OUR cities are filled with accountants, architects - even doctors and nurses - who don't work.
These people don't work because they are asylum seekers - refugees looking for shelter and protection in our country. They are forbidden from earning a living while their application for leave to remain in the UK wends its way through the labyrinthine and often Byzantine systems of the Home Office.
We need a reminder of this country's heritage when it comes to refugees. We have a proud history of welcoming some of the world's most desperate and brutalised people to our shores because of the repression they faced at home. From the Huguenots fleeing religious terror in France in the 1500s to the 10,000 Jewish children of the Kindertransports escaping Nazi Germany, the British Isles has offered safe haven without question when needed. We should be proud of that. However, what we can't be proud of is the shambles that the refugee system has become. Stoked by scare stories, the asylum system has been choked into one of the most humiliating and inhuman policies of government.
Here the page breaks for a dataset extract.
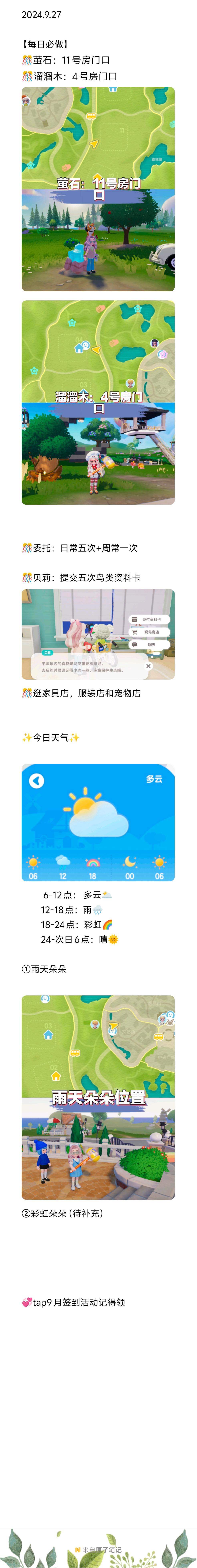 2024.9.27 【每日必做】 🎊萤石:11号房门口 🎊溜溜木:4号房门口 🎊委托:日常五次+周常一次 🎊贝莉:提交五次鸟类资料卡 🎊逛家具店,服装店和宠物店 ✨今日天气✨ 6-12点: 多云🌥️ 12-18点:雨🌧️ 18-24点:彩虹🌈 24-次日6点:晴🌞 ①雨天朵朵:文艺街 ②彩虹日攻略:【彩虹日】彩虹朵朵及彩虹花位置4 https://www.taptap.cn/momen

The worst aspect of the current policy is the refusal to allow claimants to work. It is degrading and self-defeating. If we allow someone to stay in the country while they seek asylum, we should let them earn a living. The SNP's promise to allow asylum seekers to work is a brave and kind policy commitment. It will be attacked, without question, but the pledge alone offers a glimmer of the kind of country that the party says it can create in a new independent Scotland.